Decnet IV works. I can set host and copy files to the test Alphaserver on the network.
SYS$EIDRIVER reports Ident X-5, Link date 27-JUL-2016 10:30:17.55, Build Ident XE3A-H4N-000000

TCPIP also worked.


Then booted the upgraded system disk (HP V8.4 to VSI)

SYS$EIDRIVER is the same image version and link date (from 2016) on both system disks.

The LANCP internal counters show the same thing referred above; the upgrade system has a rising carrier check failure count, and zero packets received/sent, the VSI installed system shows normal data counters and no errors.

I did not boot the original (restored, pre-upgrade) HP V8.4 disk but it did work fine a couple of weeks ago, the first time since we used DECnet to make network backups over to the test alpha (safety copies) prior to upgrading; this after modifying the system to handle the different device names on the new server. I'll try overlaying the parameter file later if time and interrupts allow. Ditto for SDA output; I dumped the upgraded system's SHOW LAN/DEV to a file to review but my internals and crash dump analysis days ended 15+ years ago; we'll see what we can make out. The TRACE output mostly shows a series of Check Link entries with occasional Transmit Errors.

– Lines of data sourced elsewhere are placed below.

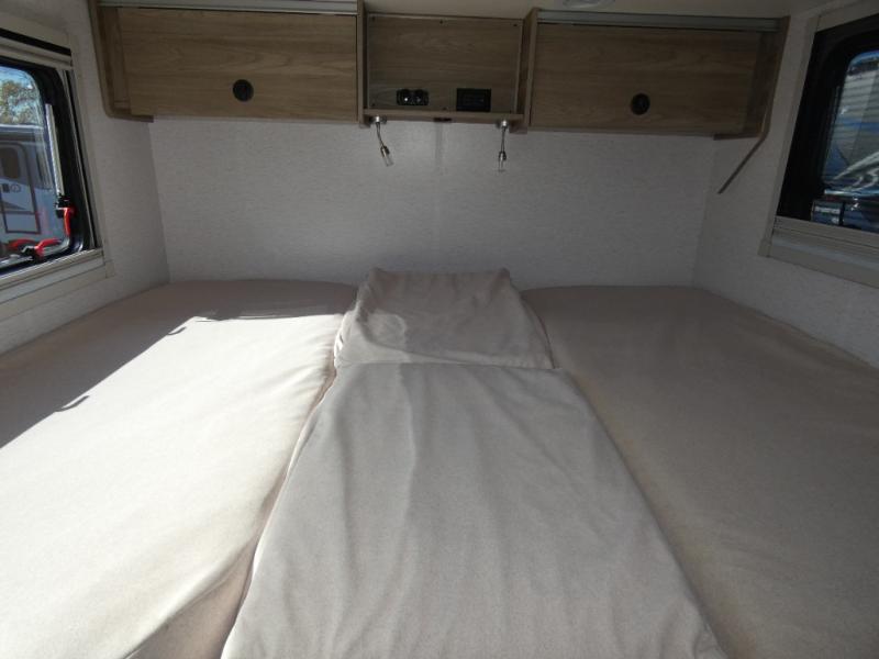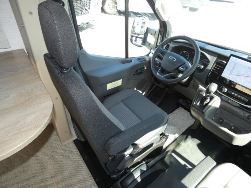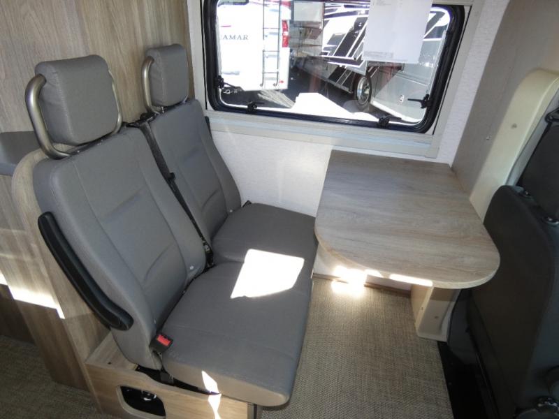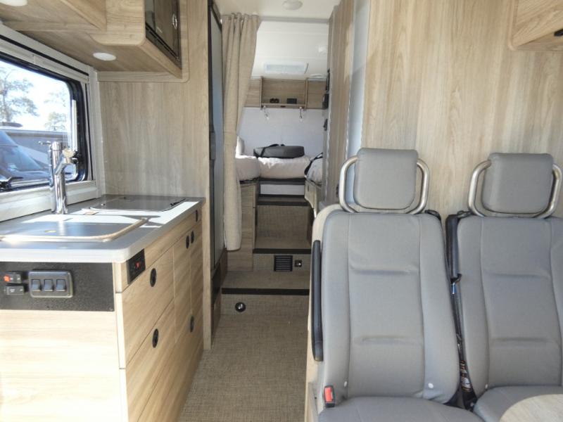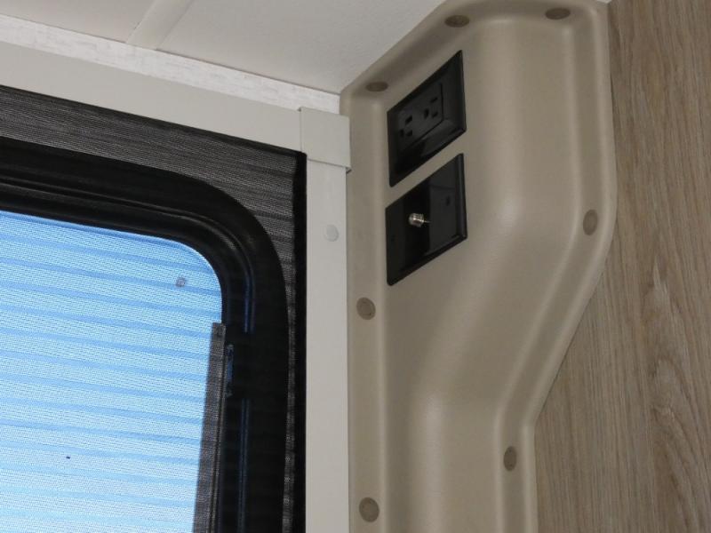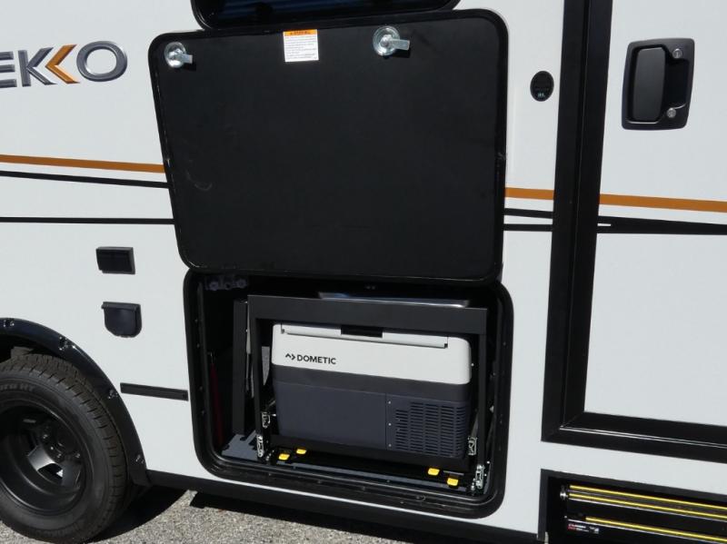This Ekko all-wheel drive Class C gas motorhome is just unbelievably functional! Not only do you have plenty of storage space for all of your gear with the gear garage, under-bed storage, pantry, and 5.3-cubic foot refrigerator, but you also have a 24" x 30" wet bath with a pivoting lavatory wall so you can stay clean without having to stop at rest areas along the way. The cab area is excellently appointed with a radio/rearview monitor system, swivel/recline cab seats, and many driving safety features. Since the cab seats can swivel, you can use them as another place to sit down and eat at the fold-down table, and you can also use the swivel/adjustable work table for the passenger cab seat or as an extended countertop in the kitchen.
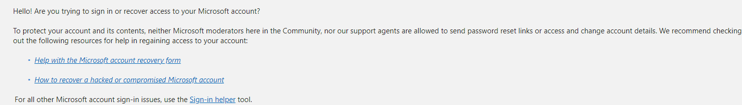 Enter聽MSA聽in the question field, click聽Get Help, and then click聽"Sign in to contact support" at the bottom of the page. Sign in to your聽personal聽Microsoft account**, you may need to create a new account to establish contact with them or use account you are using on this forum. School and corporate account will not work.** Under聽Products & Services, select "Other Products." Under聽Category,聽select "Manage Account Security" and click Confirm. Click聽on "Chat with a support agent in your browser".Don't forget to contact online support during聽business hours according to local timefor the best support experience.聽Online support is not open 24/7.
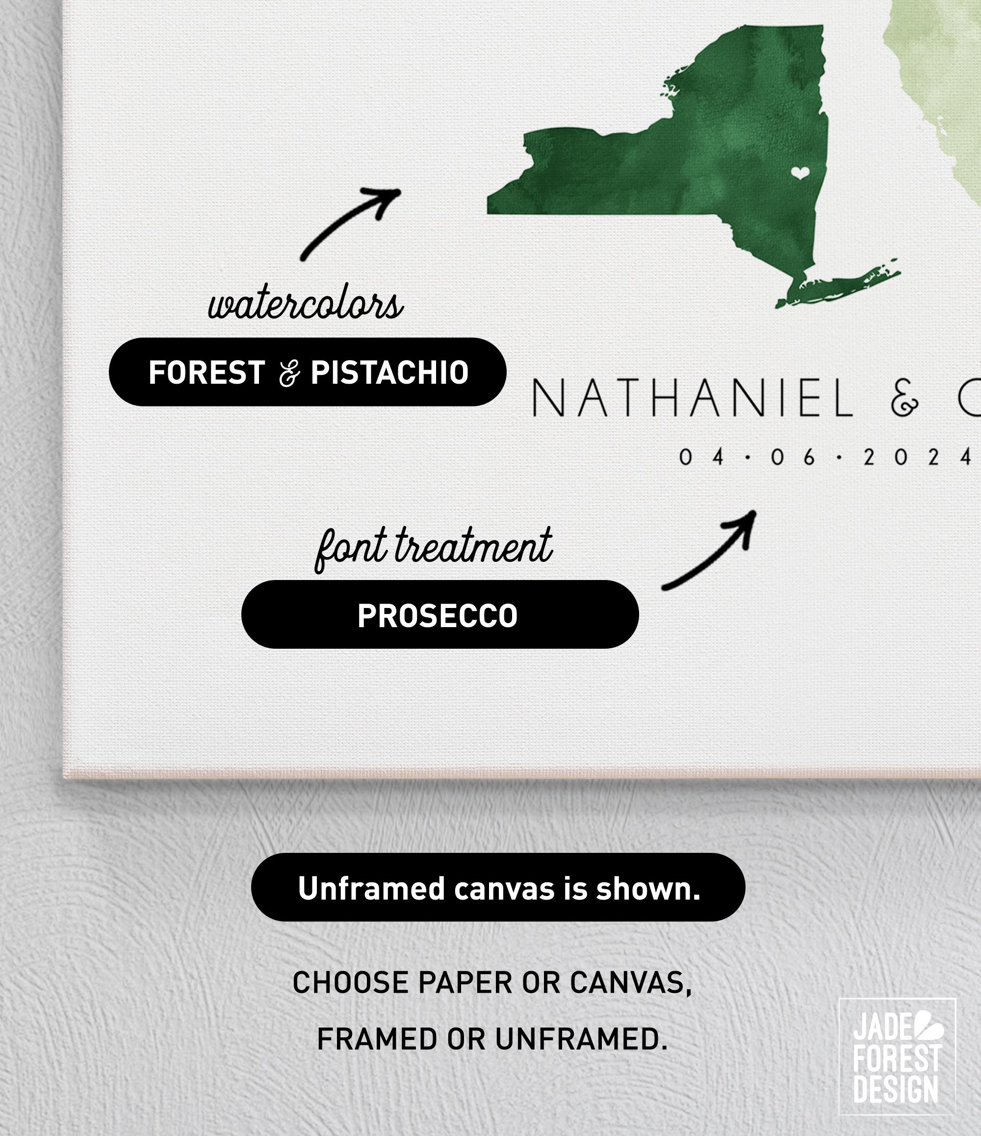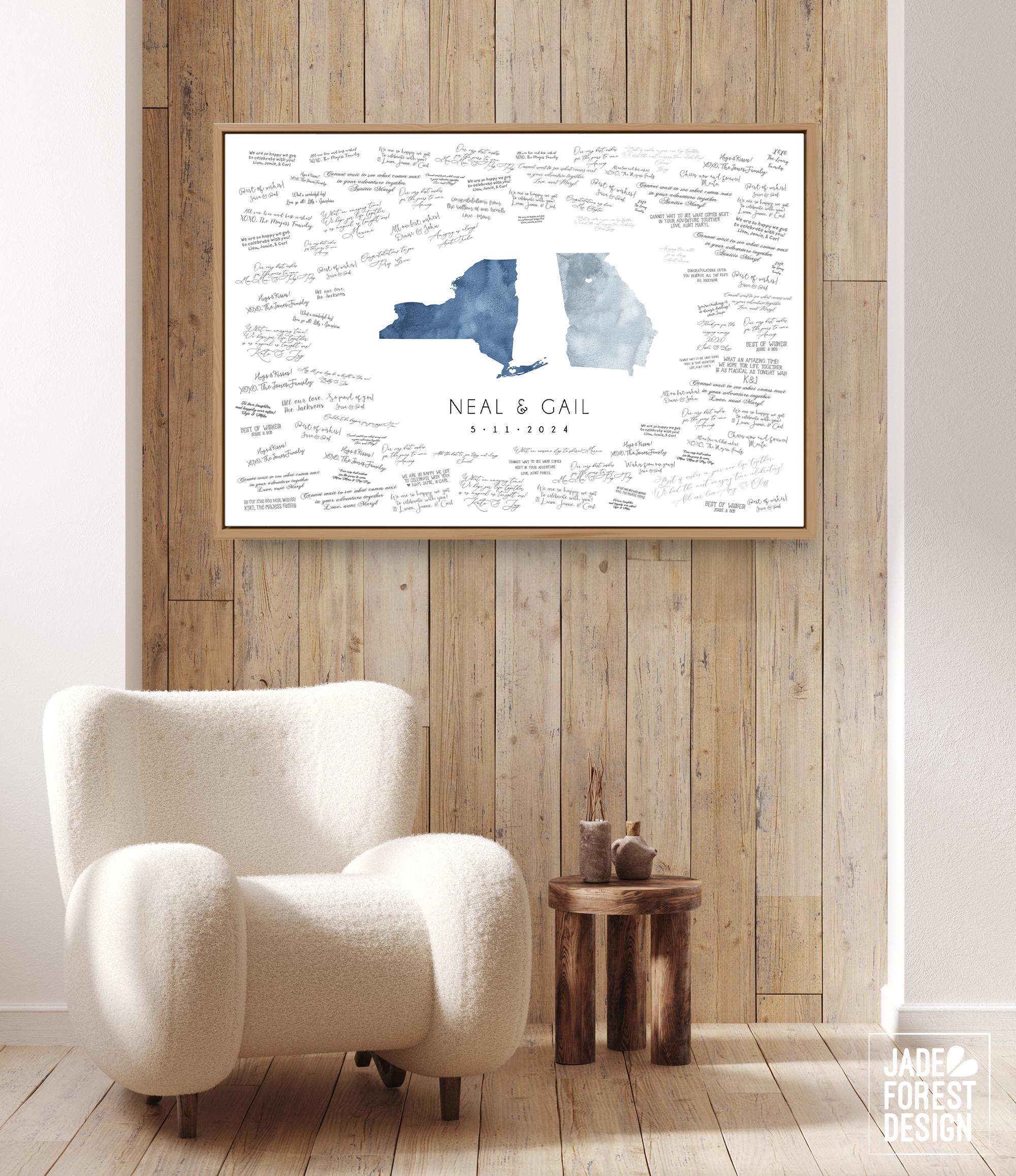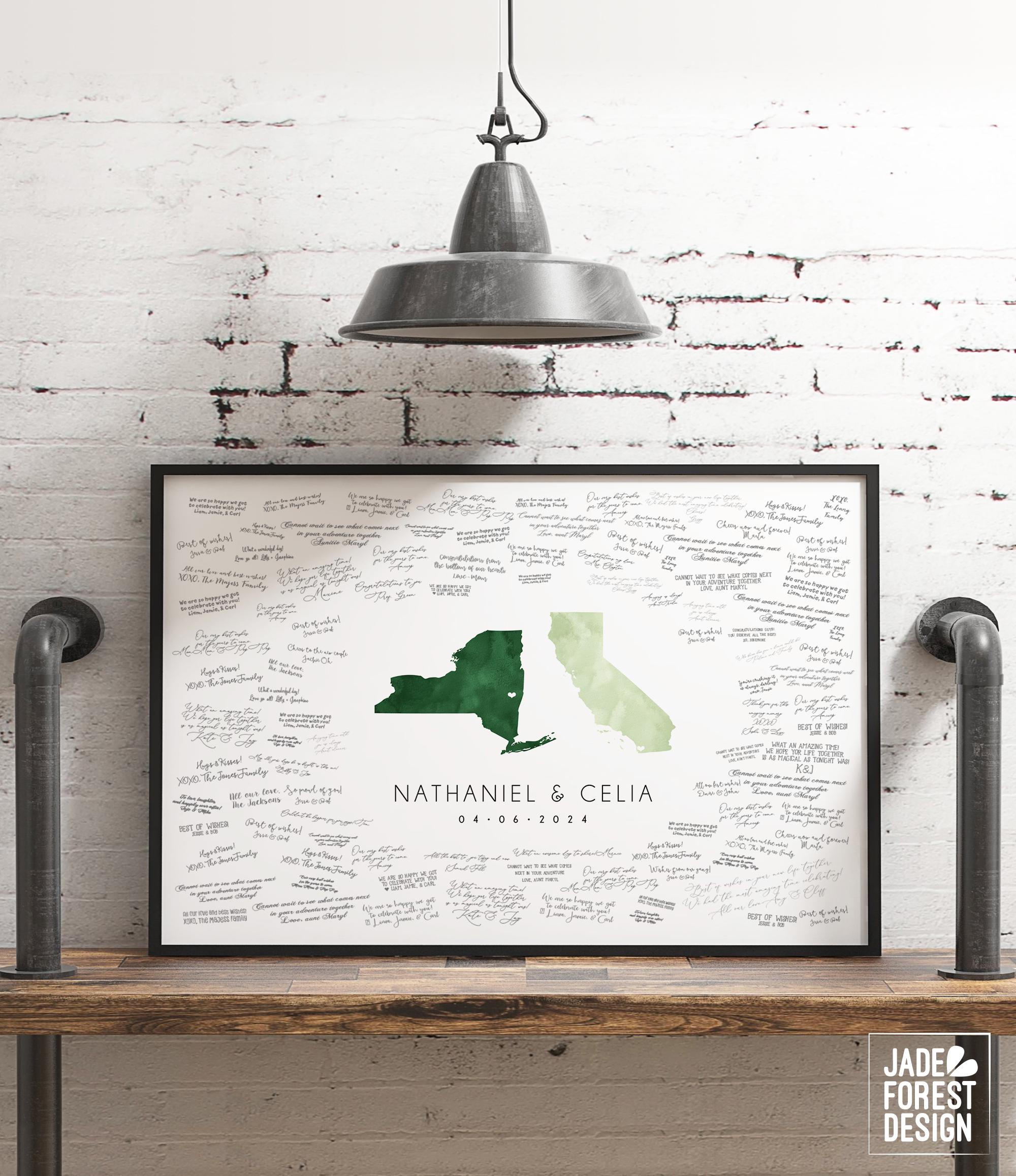 Celebrate your unique love story with a beautifully crafted guest book that doubles as a stunning piece of wedding entrance art. This custom watercolor state map guest book highlights your special locations with pistachio hues, making it a memorable keepsake for your California or New York wedding. Guests sign around the personalized artwork, creating an interactive and heartfelt memento that captures your journey together.
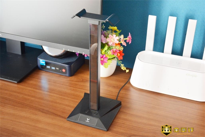将耳机支架连接电源,打开灯效,其颜值也很炫酷。尤为值得一提的是,它的灯效还能变换多种色彩,十分有个性。
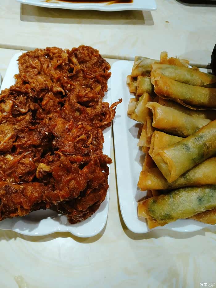 虾饼、春卷,两道纯手工制作的半菜半主食。还没开吃前,现炸现吃。
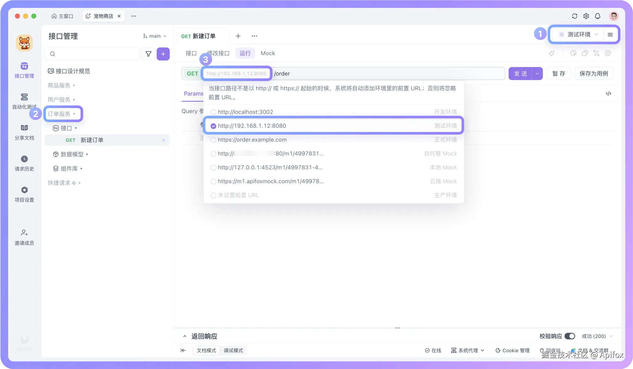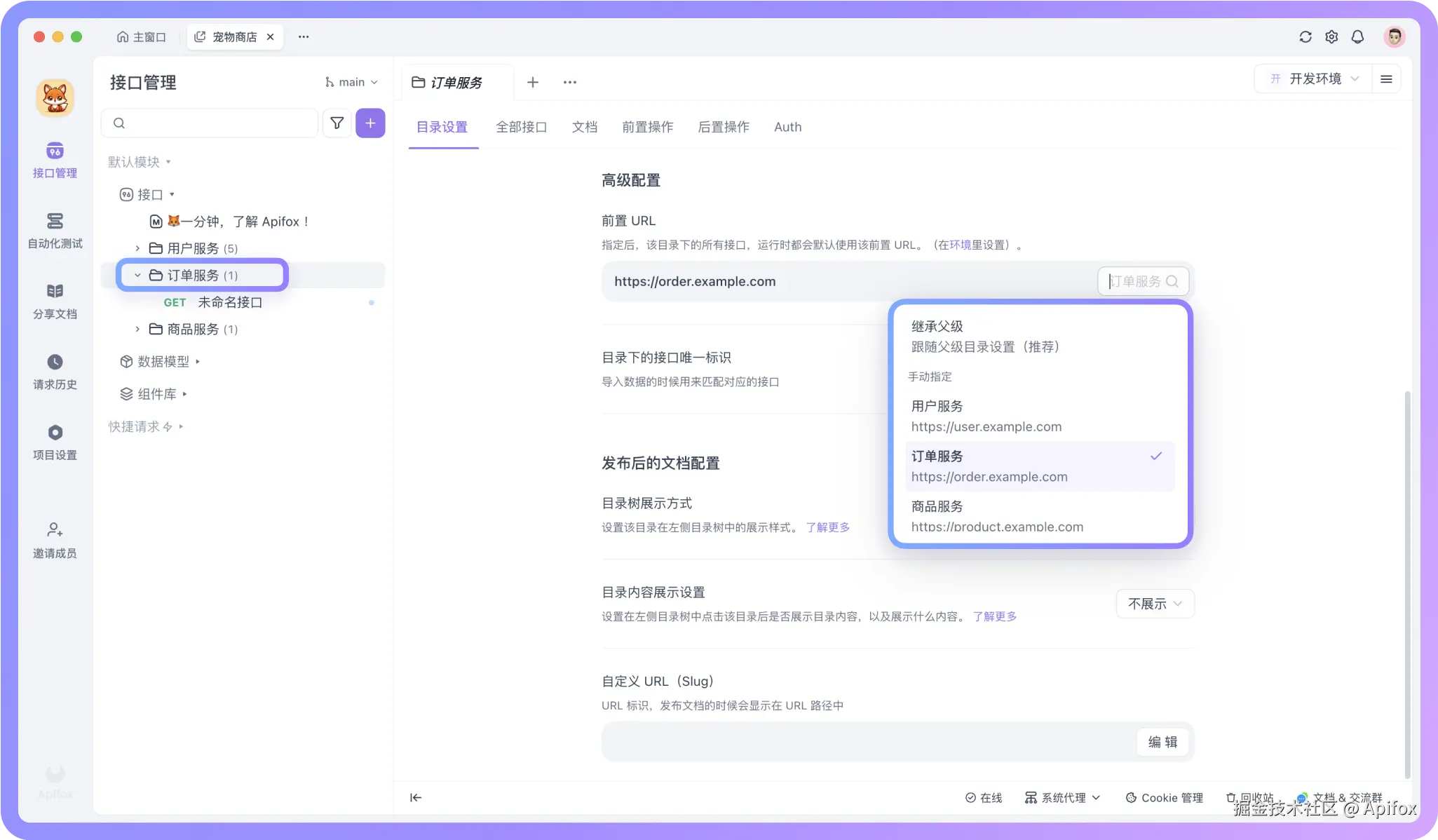 配置完成后,你可以在用户相关的目录设置里选择使用“用户服务”的地址,在订单目录里选择“订单服务”的地址。这样该目录下的所有接口都会使用对应的前置 URL。
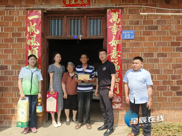 在长沙县泉塘街道星悦社区,道德模范慰问组带着精心准备的爱心物资,来到左宗明家中探望慰问。左宗明多年前因工伤致右手三级残疾,现与患病的老伴一同居住,生活十分困难,慰问组鼓励他们积极面对生活;同时,叮嘱随行社区人员,要时刻把残疾人家庭的冷暖安危放在心上,多走访、常看望,主动给予关心照顾。

And sorry. I must have misremembered with all the testing and reboots. TCPIP does NOT work on the system that was upgraded from HP V8.4 to VSI V8.4-2L1. It has barely been used since DECnet is so much easier moving files back and forth from the test Alpha that has connections to the main network. The new RX2800 is on an isolated network with no direct outside access.

I threw the question out here after getting yanked off this work too many times and misquoted my notes. So both DECnet and TCPIP are down after the upgrade. Tried testing with LAT also after enabling outbound connections on both machines, and they can't see each-other.

So its not a DECnet specific issue.

Rich
Rich Jordan
2021-11-01 22:40:31 UTC
Reply
Permalink
Rich,
thanks for testing and sharing your notes. So it really looks like an upgrade vs. install issue. And it affects the LAN interface, irrelevant of the protocol used.
Is the 'link LED' lit on the physical LAN interface ?
SHOW DEV/FULL EIA0 shows 'no link' - right ?
Please test with the system parameter file from the freshly installed system disk.
Volker.
Volker
the sho dev command does show link down. The link light is lit on the port and the switch with the activity light winking once every 12-14 seconds.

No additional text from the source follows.